Nevertheless, financiers’ relationship with both government and business only got tighter. Bankers became a big source of campaign contributions for politicians and sat on the boards of companies for which they increasingly helped issue and sell securities, many of them of dubious quality. There were a few major corporations that chose to expand the old-fashioned way–by actually reinvesting their earnings. One of those was Standard Oil, whose founder, John D. Rockefeller, was skeptical of depending on the banking sector for corporate well-being. “I think a concern so large as we are should have its own money and be independent of the ‘Street,'” he once said. But not many companies agreed, or could afford to feel that way. Stock offerings for growing American companies began to proliferate. Even the Rockefellers eventually got on board, as Henry Huttleston Rogers and William Rockefeller (two leading Standard Oil executives) teamed up with the National City Bank to launch the Amalgamated Copper Company; it owned, among other properties, the soon-infamous Anadonda copper mines.
The Anaconda mine scandal involved a financial trick that anyone familiar with the crisis of 2008 will know well: bankers knowingly selling clients and the general public financial producers that were essentially junk, while marketing them as the next big thing. It was also the culmination of nearly three decades of financial sector growth, loosening of banking standards, attempts to better regulate a banking industry that was perceived as being increasingly risky and out of control, and vigorous pushback from the industry itself, which spent millions of dollars trying to avoid being constrained. If this sounds familiar, it should. The crash of 1929 and the Great Depression, like the crisis of 2008 and the Great Recession, didn’t happen overnight. They happened over decades during which risk, debt, and excess credit built up in the financial system, unchecked by policy makers who were increasingly beholden to the sector–the very same one that was instrumental in financing both the expansion of the US economy (via IPOs, real estate loans, and the sale of securities to a burgeoning middle class) and, eventually, World War I. Then, as now, financiers used their privileged position to argue that if they were stymied in their attempts to make increasingly large profits, the capitalist system itself would collapse. It eventually did, of course–not in spite of finance, but because of it.
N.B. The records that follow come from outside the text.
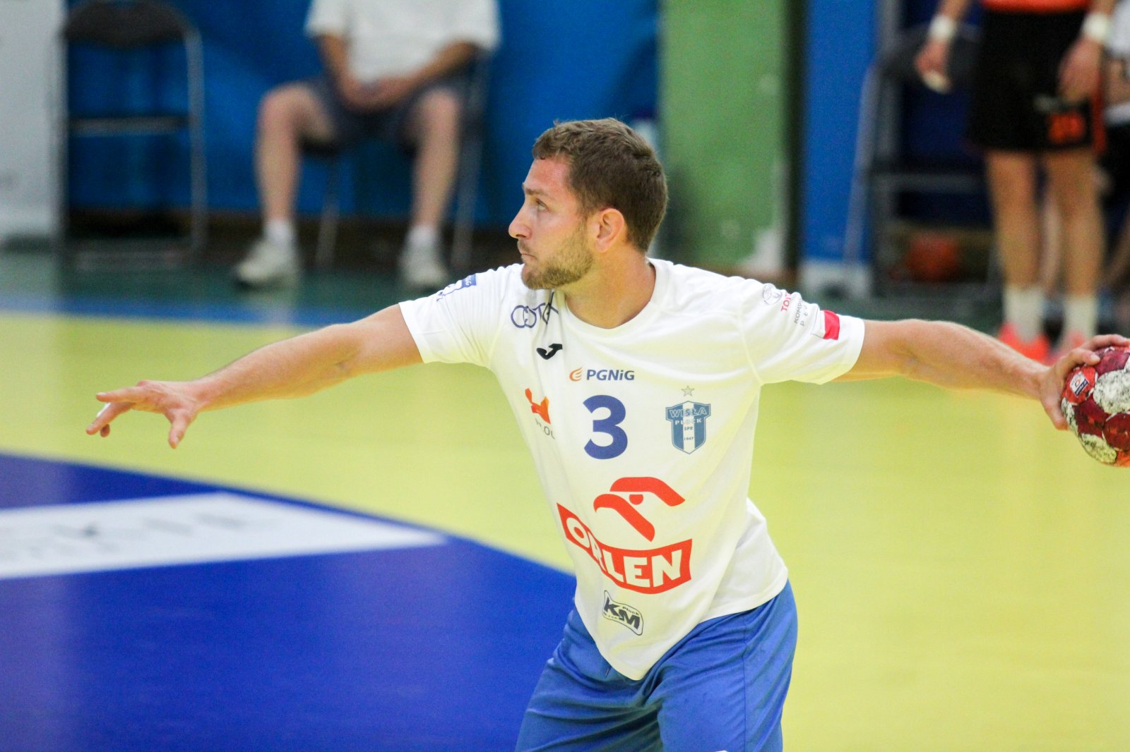 Jednak od początku spotkania nie było widać w zespole z Piotrkowa niepewności, wynik meczu otworzył Marcin Tórz. Później oglądaliśmy zacięte i wyrównane spotkanie. Orlen Wisła tuż przed przerwą odskoczyła na cztery trafienia, ale po trafieniach Mateusza Kaźmierczaka i Patryka Mastalerza ich przewaga po pierwszej połowie wynosiła dwie bramki.
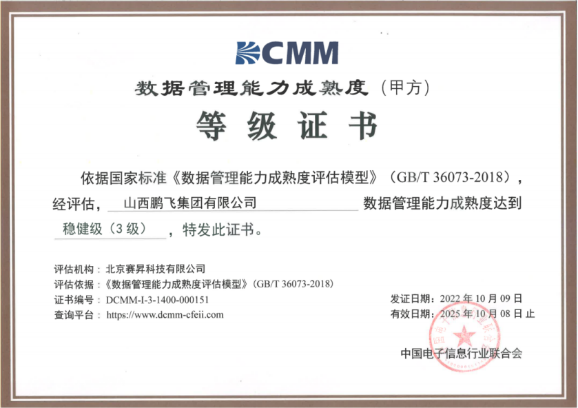 多年来,鹏飞坚持传统产业现代化、现代产业高端化升级变迁,紧跟国际国内数字化发展趋势,持续推动工业智能化运用,取得显著成效。2022年被工信部评为山西首家DCMM认证企业、两化融合行业最高等级3A级认证;2023年被工信部评为工业互联网示范企业;2024年被工信部评为新一代信息技术与制造业融合发展示范企业,旗下鹏飞焦化、甲醇制造、郑旺制氢三家工厂荣获山西省智能制造示范标杆,成为行业领先的数字化建设示范企业。
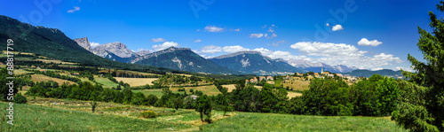 © 31etc, Naklejka premium Beautiful wide angle panoramic view, original nature, Alps
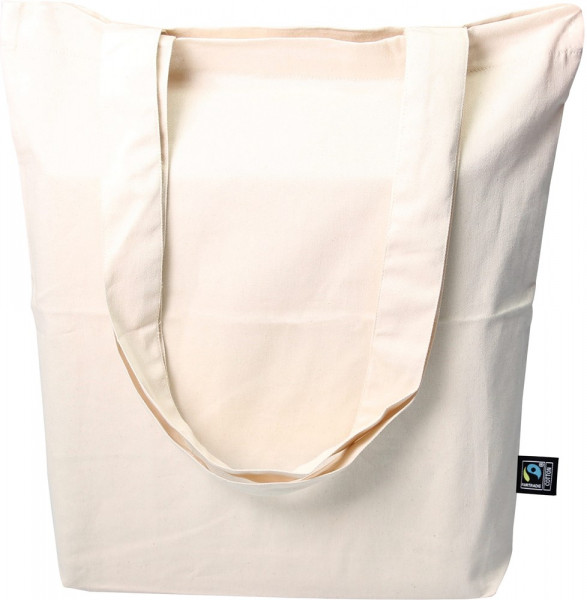 Fairtrade-zertifizierte Baumwolltasche in Twillbindung mit langen Henkeln (ca. 70 cm), Grammatur: 200 g/m², Zertifizierung: OEKO TEX Standard 100, Fairtrade, 38 x 42 cm, Siebdruck bzw. Transferdruck, ca. 28 x 30 cm (Druck)
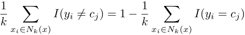 对给定的实例 x ∈ X ,其最近邻的 k 个训练实例点构成集合 N k ( x )。如果涵盖 N k ( x )的区域的类别是 c j ,那么误分类率是
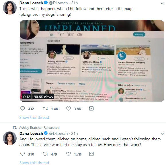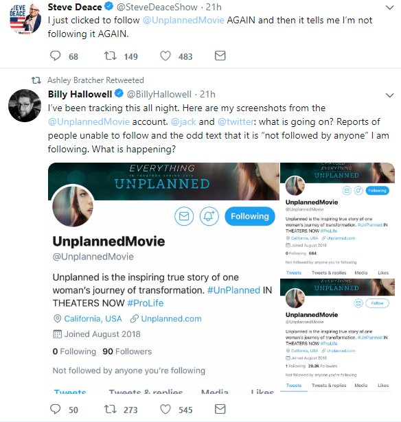 Social media platforms have refused to verify the official Unplanned pages, Instagram being the only one to finally give them a badge. Twitter on the other hand has deleted their page mysteriously and claimed it to be an “error” relating to another account that has nothing to do with Unplanned. After twitter brought back the page they must have not liked the fact Unplanned received a lot of attention after being mysteriously deleted; jumping from 7,000 to over 140,000 subscribers. Suddenly Twitter began to automatically unfollow the Unplanned page from people’s accounts and blocking them from following or finding the page again.
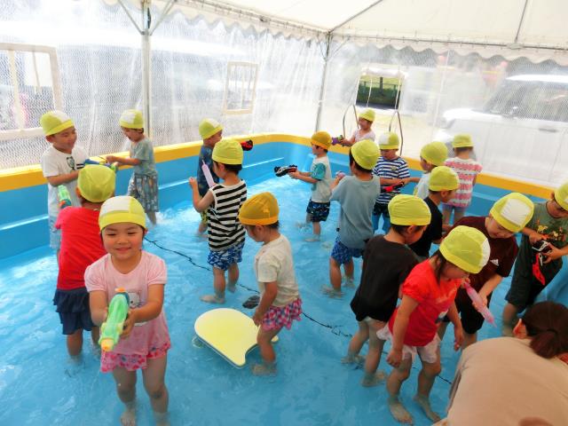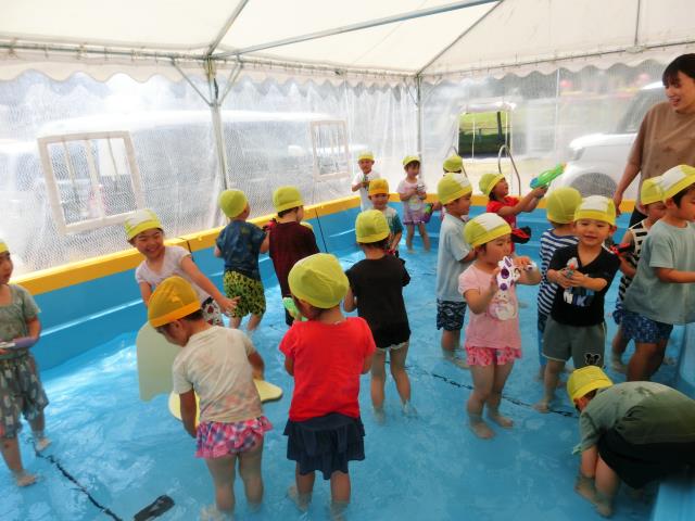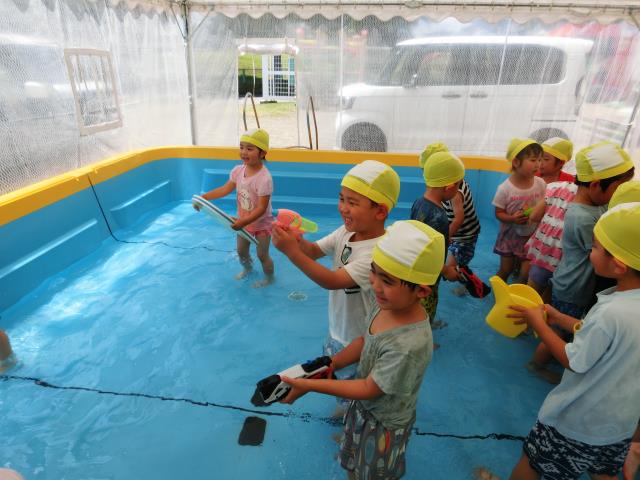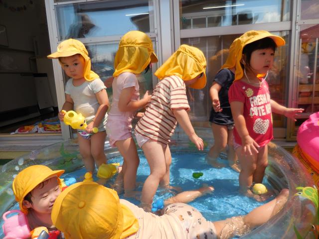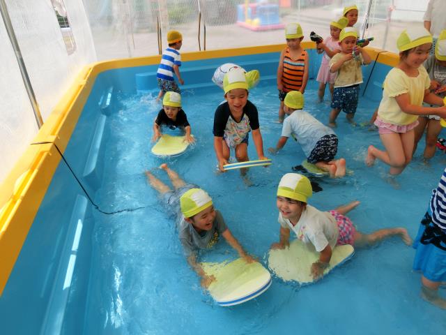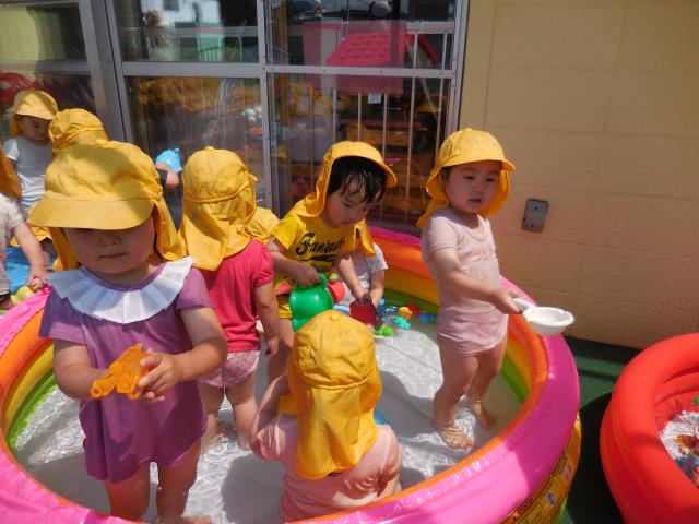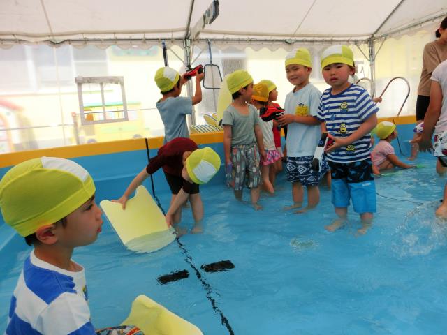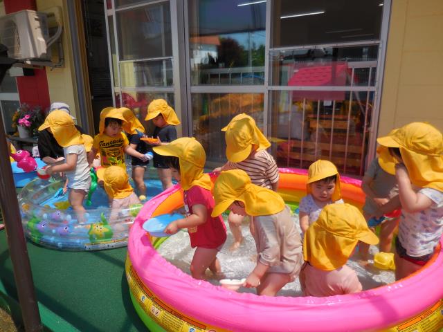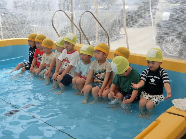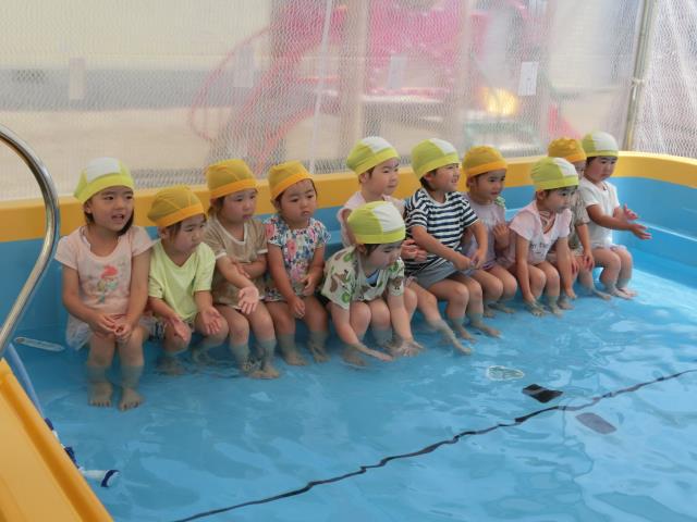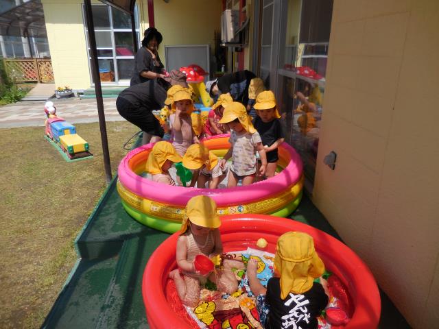 プールに入ることを伝えると「やったー!」と大喜びだった子ども達。

It’s no accident that the size of the financial sector today as a percentage of GDP is at levels equaled only on the eve of the Great Depression. Like the decade leading up the financial crisis of 2008, the Roaring Twenties were marked by not only financial boom and technological wonder, but also massive income inequality. Worker wages stagnated and those of the upper classes grew, bolstered in large part by stock prices. Another similarity was a rise in debt, both public and private, which was used to mask the declining spending power of the lower and middle classes and its dampening effect on GDP growth. Then, as now, when people couldn’t afford to buy, they borrowed–Americans in the 1920s bought more than three-quarters of major household items on credit. Moreover, lured by aggressive advertising campaigns by banks and the proliferation of war bonds, which had been pushed by a government eager to raise funds, the American public began investing for the first time enmasse in the securities markets. As Harvard economist historian Edwin Gay put it, millions of people who had never done anything with their money but save it were suddenly borrowing and investing in securities. “They were not. . . educated in the use of credit; they simply received a new vision of its possibilities. The basis was thus laid for the vast and credulous post-war market for credit which culminated in the portentuous speculation of 1928 and 1929.”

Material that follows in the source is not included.